Now, I understand that the bakery shops buy the impastata ricotta, which is processed differently. I've read that it is smoother and also has a different pHl, which probably accounts for not having that ricotta taste that I have.

Anyway, my question is, have any of you found a way to treat the regular grocery store-bought ricotta (which, as I said, is not bad at all, actually very good quality) to achieve that bakery taste? For my cannoli cream, I usually add powdered sugar to flavor, vanilla extract, some lemon zest or sometimes candied fruit, sometimes a pinch of cinamon, then the chocolate chips, and that's pretty much it. I've read some pretty exotic recipes calling for various oils (orange, lemon, anise, etc.) and various liquors, but I'm not sure if anything will ever get me past that regular ricotta flavor.

So if anyone knows any tricks, I'd appreciate it.

Thanks,
Joe


----------



## m brown (May 29, 1999)

First, ricotta - dry in a cheese cloth, maybe 1 hour. 
Paddle on the mixer, add pdr sugar, zest of orange and CINNAMON OIL - a drop will do it. ONLY ADD BY THE DROP!!!!!

Add peel and chocolate micro mini chips. 
Yum...:smoking:


----------



## chef.esg.73 (Dec 10, 2007)

Mind you I'm know dessert guy, not even close.

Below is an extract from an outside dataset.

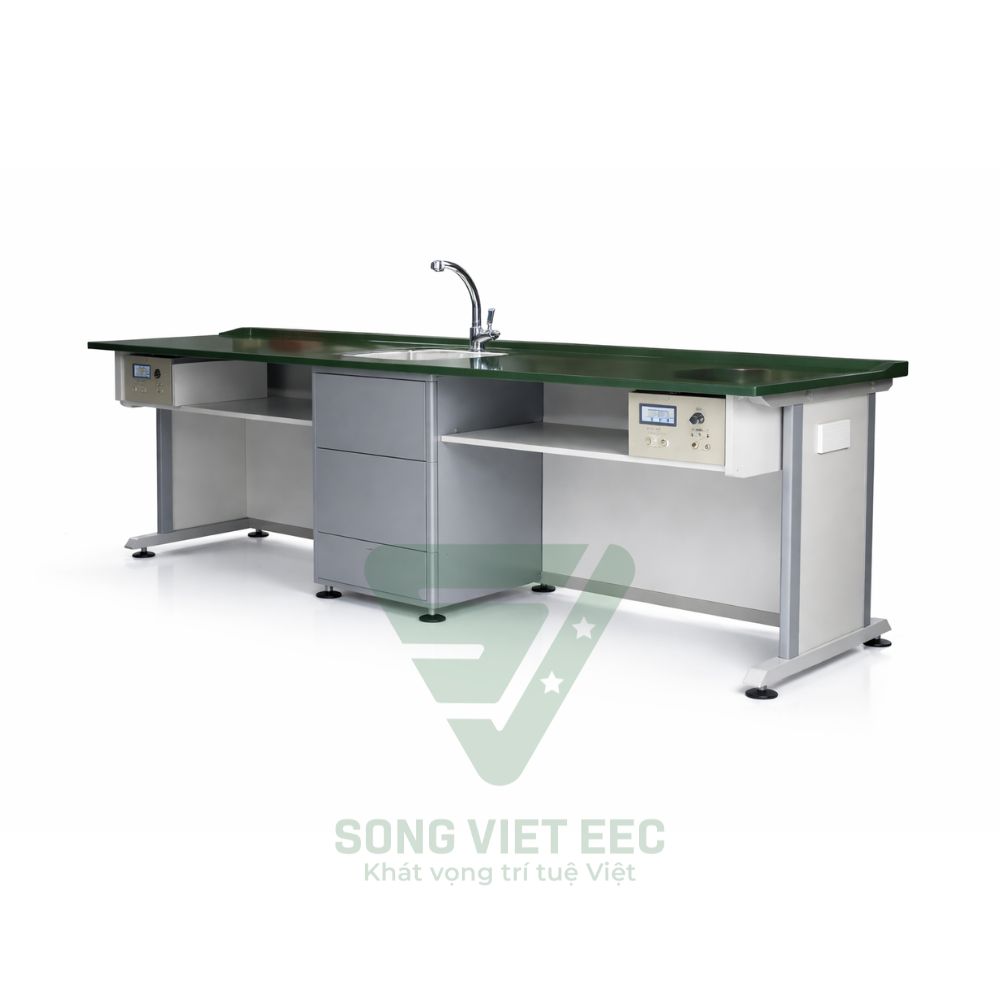 Trong môi trường phòng thực hành Hóa - Sinh, nơi thường xuyên tiếp xúc với nước và các hóa chất ăn mòn (Axit, Bazơ), nỗi lo lớn nhất của các nhà trường là chân bàn bị rỉ sét, mục gãy. Bàn thí nghiệm chân nhựa chịu lực tích hợp hộp điện của Nhà máy Sông Việt EEC chính là giải pháp "vĩnh cửu" giải quyết triệt để vấn đề này.

When I was a kid. I use to work at a place that would strain it and add Amaretto and sugar, and thats it? it tasted great


----------



## 24-7cook (Oct 29, 2007)

I make my own ricotta. I still always drain it over night in cheese cloth. 

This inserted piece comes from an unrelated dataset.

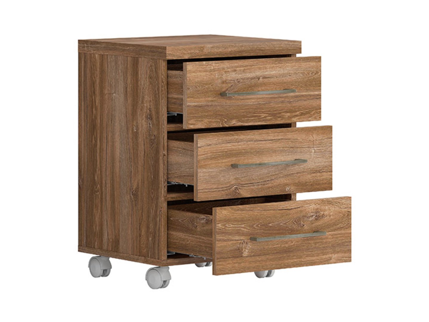 „Gent“ konteineris – jūsų mobilus organizatorius. „Gent“ kolekcija – tikras išsigelbėjimas elegancijos ir modernaus interjero mėgėjams. Šioje kolekcijoje taip pat yra „Gent“ konteineris, kuris gali būti vienas funkcionaliausių biuro įrangos elementų. Leiskite man parodyti visus šio mobiliojo organizatoriaus privalumus. „Gent“ konteineris yra neįtikėtinai funkcionalus, ypač biuro aplinkoje. Trys patogūs stalčiai yra puiki vieta laikyti dokumentus, biuro reikmenis ir kitus svarbius daiktus. Tai leidžia palaikyti tvarką ant stalo ir turėti visus būtiniausius daiktus po ranka. Tai ypač svarbu efektyviam ir organizuotam darbui. „Gent“ konteineris yra šiltos Stirlingo ąžuolo spalvos, su matomu medienos raštu ir lytima tikros medienos tekstūra. Ši apdaila suteikia baldams elegantiško ir klasikinio žavesio, todėl jie puikiai tinka įvairiems biuro ir interjero stiliams. Lengvai naudojami pasukami ratukai leidžia lengvai perkelti konteinerį, nerizikuojant įbrėžti grindų. Tai leidžia lengvai reguliuoti jo vietą biure, atsižvelgiant į jūsų poreikius ir erdvės organizavimą. Kompaktiški konteinerio matmenys leidžia jį pastatyti praktiškai bet kur arba net diskretiškai paslėpti po stalu. Šis sprendimas ypač naudingas mažuose biuruose, kur kiekvienas erdvės centimetras yra brangus. Firminės bėgelės su švelnaus uždarymo sistema užtikrina patogų „Gent“ konteinerio naudojimą. Stalčiai atsidaro ir užsidaro sklandžiai ir tyliai, o tai labai svarbu biuro aplinkoje. „Gent“ kolekcija siūlo platų elementų pasirinkimą, kuriuos galima laisvai derinti ir sukurti unikalius išdėstymus jūsų biure ar bute. Tai suteikia jums visišką laisvę kurti erdvę, atspindinčią jūsų asmeninį stilių ir poreikius. Trumpai tariant, „Gent“ konteineris yra mobilus organizatorius, kuris tikrai supaprastins jūsų kasdienį darbą biure. Jo funkcionalumas, stabilumas, elegantiškas dizainas ir lengvas mobilumas daro jį puikiu jūsų biuro erdvės papildymu. Derindami įvairius „Gent“ kolekcijos elementus, galite sukurti unikalius išdėstymus, kurie atitiks visus jūsų lūkesčius.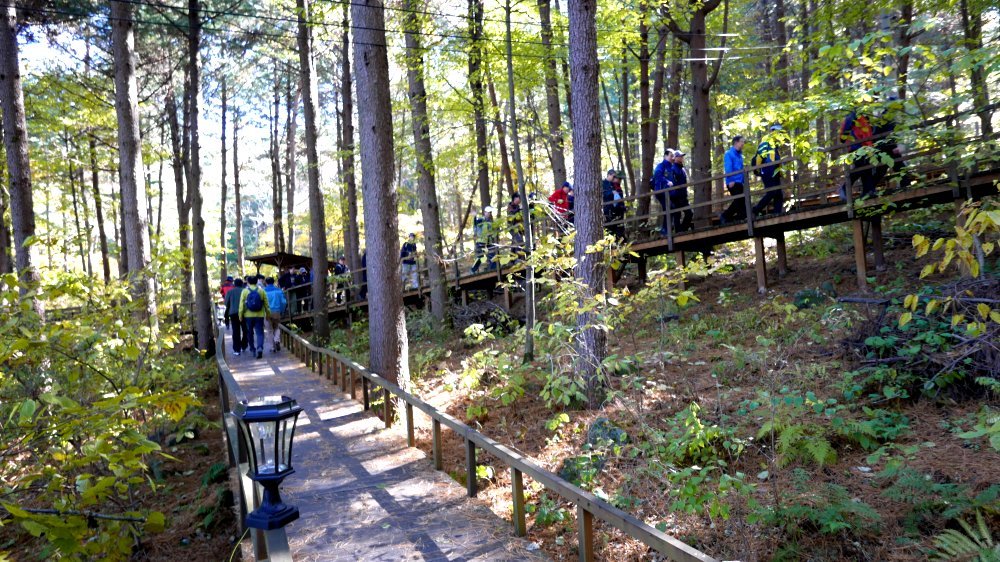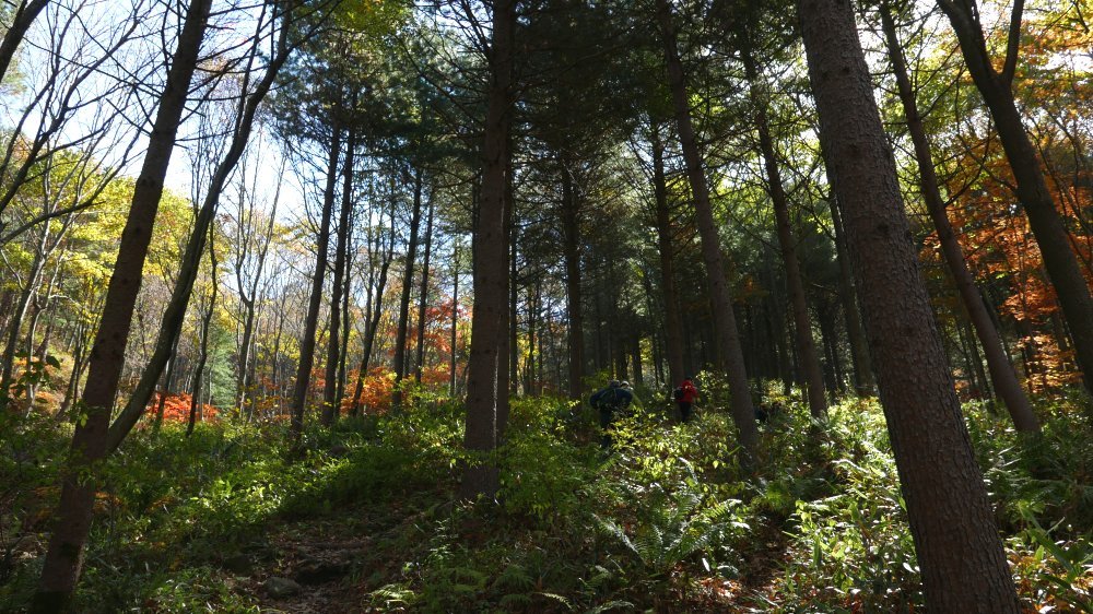 얼마간 이어지는 가파른 길을 오르다보면 등줄기에 땀이 차고 호흡도 가빠지는데, 통나무 계단 길을 오르며 능선중턱에 이르러 잠시 휴식을 취한다. 행렬일부 선두는 정상을 오르고 일행 대다수는 중도에서 하산을 택해 가을풍경을 눈에 담아 넣기에 바쁘다.

I then make the filling in a large robot-coupe. It lightens the filling up and makes it very smooth. 

I use only cinnamon, 10x, candied orange peel and dark chocolate


----------



## joey1 (Jul 15, 2008)

Thanks everyone for the responses.

I think I am going to try to drain it, even though it's very smooth and thick already (it's not watery really at all to begin with). 

But, another thing I want to try to do is to run it through a strainer in order to try to get rid of the grittiness; that is to actually push it through a sifter or strainer. Then afterwards whip it a little.

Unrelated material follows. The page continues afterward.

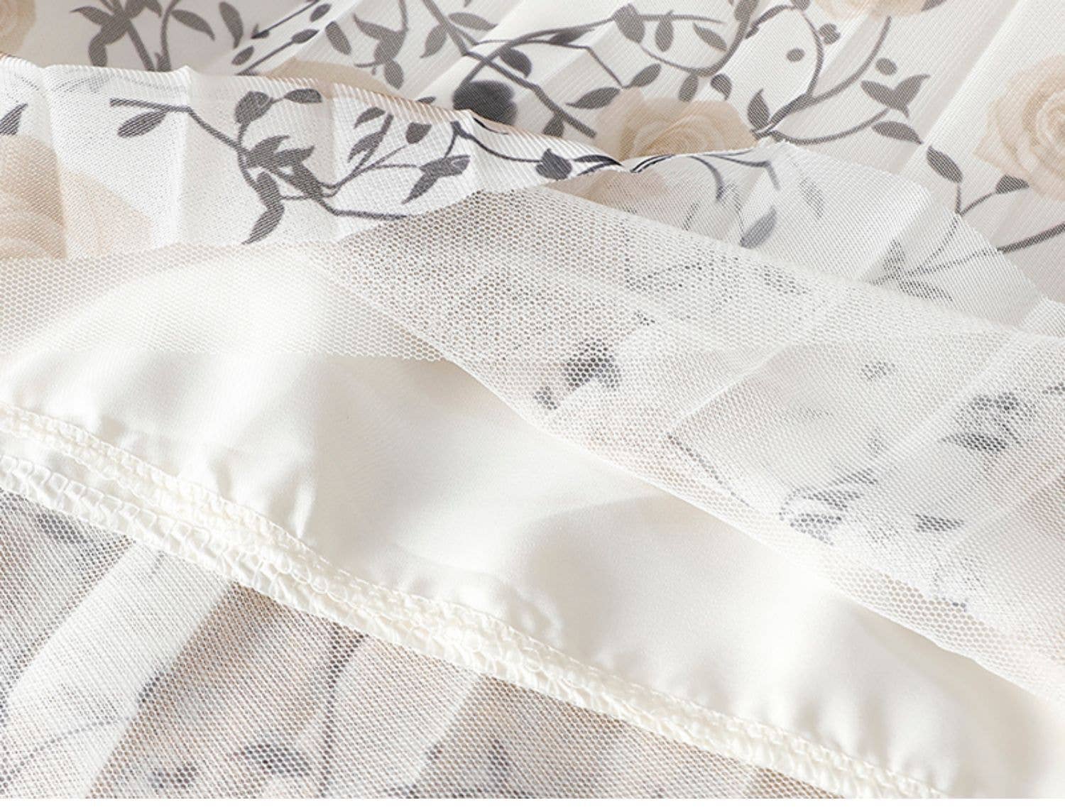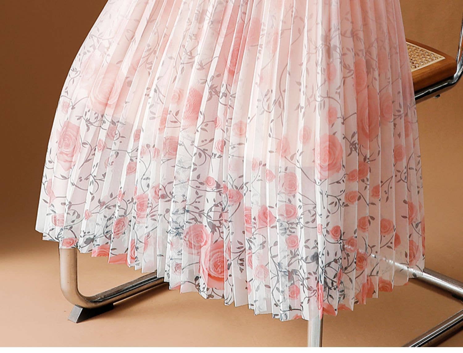 PEACH ACCESSORIES - Roses Flowers Pleated Midi Skirt SK204: Cream

As far as the taste, I think there has to be some sort of liquor or something being added to it. I know one video on youtube, which I believe was in Italian and looked pretty authentic called for maraschino liquor and some other strange liquor that's not that popular due to how it's made (and what it comes from), though I can't remember what it is.

Also, here, it's common to have little green bits in the cream. I don't think it's citron or candied frutta; perhaps its pistachio bits candied or treated somehow. But anyways, the cannoli cream has a pretty uniform taste to these little green bits (excuse the lack of techinal terminology).

You see, the cannoli here in NY, not sure about throughout the rest of the country, are really smooth, and have a somewhat heavy texture. It's pretty sweet too, like a lot of Sicilian pastries.

So, you professionals still don't use impastata, just regular ricotta? I thought most bakeries use impastata, because bakeries buy in large quantities and that's the usual if not only way, as far as I know, to buy impastata cream.


----------



## joey1 (Jul 15, 2008)

Another thing I see in certain recipes is orange-blossom water. I'm not too familiar with this, but I imagine it can't produce a much different effect than orange zest or orange oil, right?


----------



## 24-7cook (Oct 29, 2007)

Joey 

You need to look for candied citron it comes in green or red. 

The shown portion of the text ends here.